**Assigned task:** If an entry holds a picture, drop the picture and restate the rest word for word.

**Records supplied:**
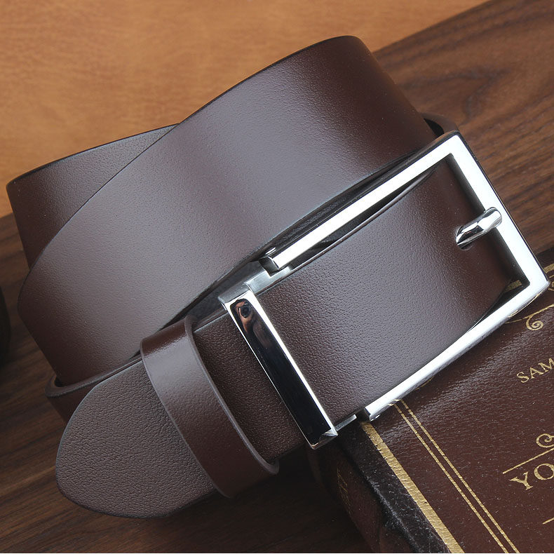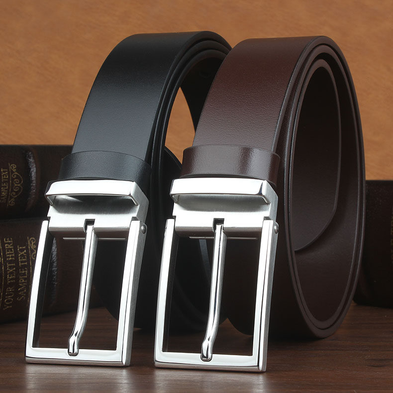 304不锈钢虎牙针扣腰带男真皮头层牛皮防过敏商务正装穿搭款皮带
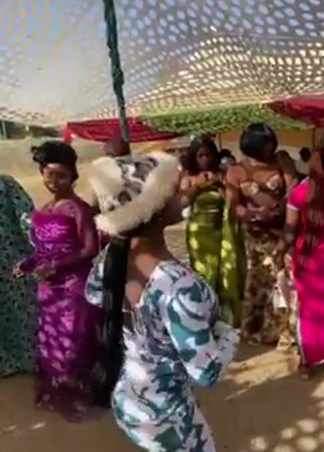 group of women dancing under a white tent with colorful decorations. One woman in a white and blue patterned dress and a unique feathered hat is in the foreground, actively dancing with energetic movements. The other women are wearing various colorful dresses and some are also dancing. The ground appears to be sandy or dusty, and the overall atmosphere is festive.
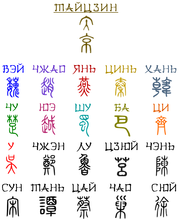 Сюй, Цзюй и Тань по одному крупному городу с деревнями; Цай, Чао и Чэнь чуть больше, в них по паре городов; крупнее прочих Чжэн, Лу и Сун.
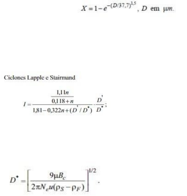 Escola de Química e Alimentos – EQA 02264 – Operações Unitárias I 1º Bimestre - 1º Semestre/2024 Professor: Luiz Antonio de Almeida Pinto GRUPO 5: Andressa Freitas (111680) e Marry Araujo (111612) Prova - Exercícios III - Ciclonagem GRUPO 5) 5- Deseja-se especificar uma bateria de ciclones Lapple para operar com 100 m3/min de gás carregado com cinzas de carvão. Densidade das partículas de carvão é 2,3 g/cm3. São as seguintes as propriedades do gás: massa específica de 4,43×10-1 g/cm3 e viscosidade de 0,035 cP (centipoise). A bateria deve funcionar com descarga de sólida intermitente e deseja-se uma eficiência global de coleta superior a 85%. Distribuição granulométrica das partículas: Cálculo do Diâmetro de Corte Este cálculo resulta da equação abaixo: Onde: I = 0,85; D’ = 37,7µm; n = 1,5 e D* = 6,0 µm Estimativa de Dc Utilizando u = 15,0 m/s como recomendado na tabela abaixo e sabendo que Bc x Hc = D2c / 8 e o diâmetro da parte cilíndrica do ciclone é Dc = 49,6cm Então: N = Q / Q1 = 3,6. Estimativa de Dc considerando 4 ciclones A vazão de cada ciclone é dada por Q1 = Q / 4 = 25m3/min Sabendo que através da equação que Dc = 48cm, levando a uma velocidade u = 14,5 m/s (valor dentro da faixa recomendada para operação de ciclone Lapple) Cálculo da Potência do Soprador Dados: P em cv Q em m³/s ∆p1 em mm E é a eficiência elétrica do motor Pelo resultado da equação, temos: E da equação: Com os dados da Tabela 1, chegamos em P = 2cv. Conclusões A partir desses resultados chega-se às especificações: Quatro unidades em paralelo com Diâmetro Dc = 0,48m ou Dc = 48cm; Velocidade do gás u = 14,5 m/s (dentro da faixa recomendada); Potência do soprador P = 2cv. image5.jpg image7.jpg image2.jpg image4.jpg image1.jpg image3.jpg image6.jpg
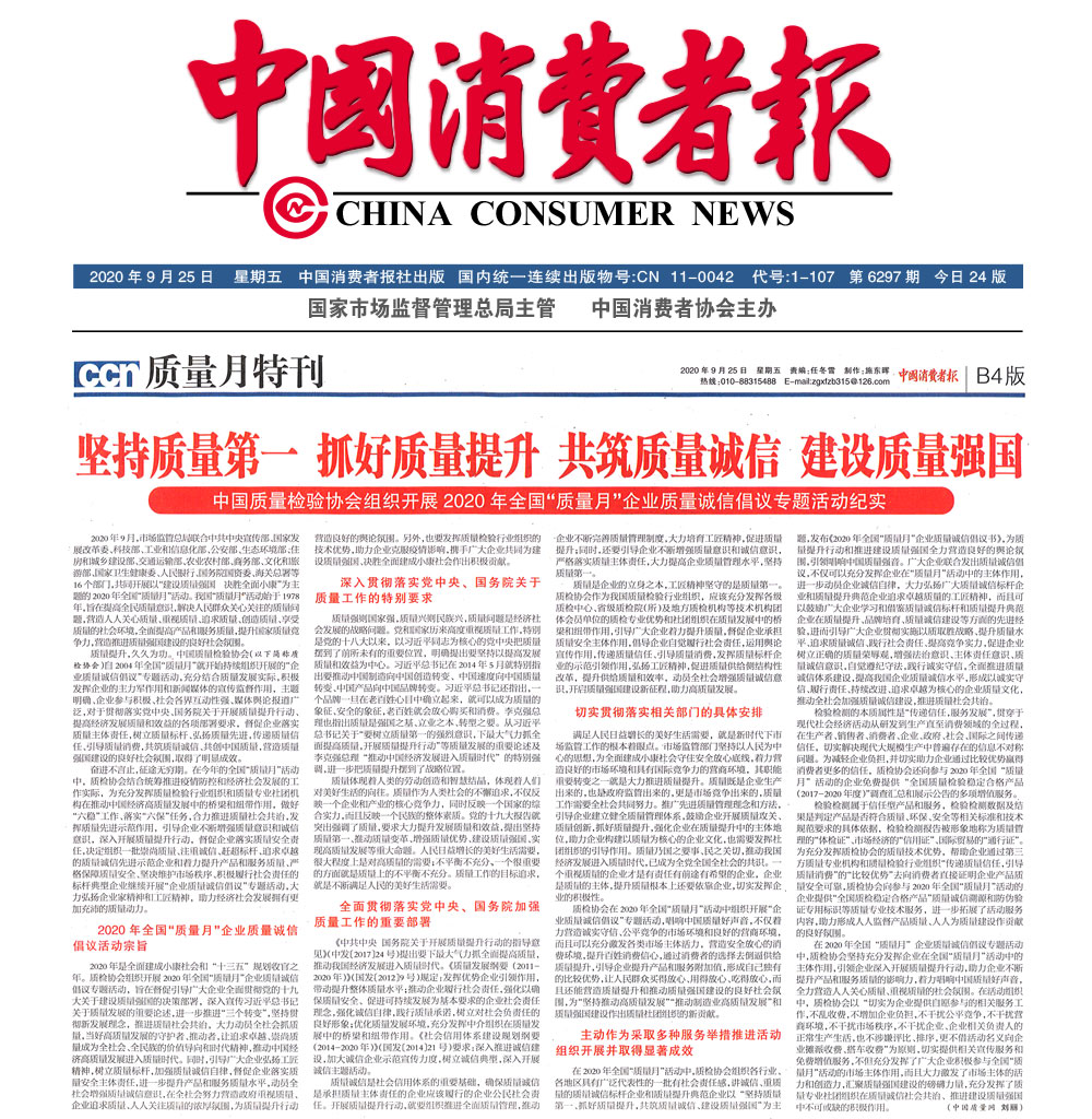 中國消費者報:堅持質量第一 抓好質量提升 共筑質量誠信 建設質量強國——中國質量檢驗協會組織開展2020年全國“質量月”企業(yè)質量誠信倡議專題活動紀實
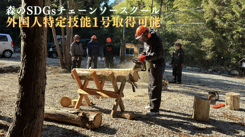 災害時にも重要な役割を果たし、その使用には高い技術と安全管理が求められます。スクールでは、チェーンソーの基礎知識やメンテナンス、伐採技術を学びながら、災害復旧や地域振興に貢献できる人材を育成していきます。また、若年層に向けて即戦力となる林業の専門技術を提供し、外国人留学生にも日本語と林業技術を教えることで、多様性を尊重した人材育成「人や国の不平等をなくそう」を進めています
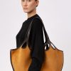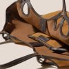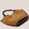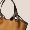 Tote bag with cut-out handles, crafted in calf suede and trimmed with smooth calf leather. The interior is coated with suede for added structure.
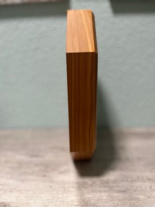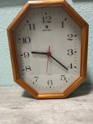 Reloj de pared con marco de madera. - Diseño octogonal. - Esfera blanca con números negros. - Agujas de hora, minuto y segundo. - Mecanismo de cuarzo.

**Written answer:**
 304不锈钢虎牙针扣腰带男真皮头层牛皮防过敏商务正装穿搭款皮带
 group of women dancing under a white tent with colorful decorations. One woman in a white and blue patterned dress and a unique feathered hat is in the foreground, actively dancing with energetic movements. The other women are wearing various colorful dresses and some are also dancing. The ground appears to be sandy or dusty, and the overall atmosphere is festive.
 Сюй, Цзюй и Тань по одному крупному городу с деревнями; Цай, Чао и Чэнь чуть больше, в них по паре городов; крупнее прочих Чжэн, Лу и Сун.
 Escola de Química e Alimentos – EQA 02264 – Operações Unitárias I 1º Bimestre - 1º Semestre/2024 Professor: Luiz Antonio de Almeida Pinto GRUPO 5: Andressa Freitas (111680) e Marry Araujo (111612) Prova - Exercícios III - Ciclonagem GRUPO 5) 5- Deseja-se especificar uma bateria de ciclones Lapple para operar com 100 m3/min de gás carregado com cinzas de carvão. Densidade das partículas de carvão é 2,3 g/cm3. São as seguintes as propriedades do gás: massa específica de 4,43×10-1 g/cm3 e viscosidade de 0,035 cP (centipoise). A bateria deve funcionar com descarga de sólida intermitente e deseja-se uma eficiência global de coleta superior a 85%. Distribuição granulométrica das partículas: Cálculo do Diâmetro de Corte Este cálculo resulta da equação abaixo: Onde: I = 0,85; D’ = 37,7µm; n = 1,5 e D* = 6,0 µm Estimativa de Dc Utilizando u = 15,0 m/s como recomendado na tabela abaixo e sabendo que Bc x Hc = D2c / 8 e o diâmetro da parte cilíndrica do ciclone é Dc = 49,6cm Então: N = Q / Q1 = 3,6. Estimativa de Dc considerando 4 ciclones A vazão de cada ciclone é dada por Q1 = Q / 4 = 25m3/min Sabendo que através da equação que Dc = 48cm, levando a uma velocidade u = 14,5 m/s (valor dentro da faixa recomendada para operação de ciclone Lapple) Cálculo da Potência do Soprador Dados: P em cv Q em m³/s ∆p1 em mm E é a eficiência elétrica do motor Pelo resultado da equação, temos: E da equação: Com os dados da Tabela 1, chegamos em P = 2cv. Conclusões A partir desses resultados chega-se às especificações: Quatro unidades em paralelo com Diâmetro Dc = 0,48m ou Dc = 48cm; Velocidade do gás u = 14,5 m/s (dentro da faixa recomendada); Potência do soprador P = 2cv. image5.jpg image7.jpg image2.jpg image4.jpg image1.jpg image3.jpg image6.jpg
 中國消費者報:堅持質量第一 抓好質量提升 共筑質量誠信 建設質量強國——中國質量檢驗協會組織開展2020年全國“質量月”企業(yè)質量誠信倡議專題活動紀實
 災害時にも重要な役割を果たし、その使用には高い技術と安全管理が求められます。スクールでは、チェーンソーの基礎知識やメンテナンス、伐採技術を学びながら、災害復旧や地域振興に貢献できる人材を育成していきます。また、若年層に向けて即戦力となる林業の専門技術を提供し、外国人留学生にも日本語と林業技術を教えることで、多様性を尊重した人材育成「人や国の不平等をなくそう」を進めています
 Tote bag with cut-out handles, crafted in calf suede and trimmed with smooth calf leather. The interior is coated with suede for added structure.
 Reloj de pared con marco de madera. - Diseño octogonal. - Esfera blanca con números negros. - Agujas de hora, minuto y segundo. - Mecanismo de cuarzo.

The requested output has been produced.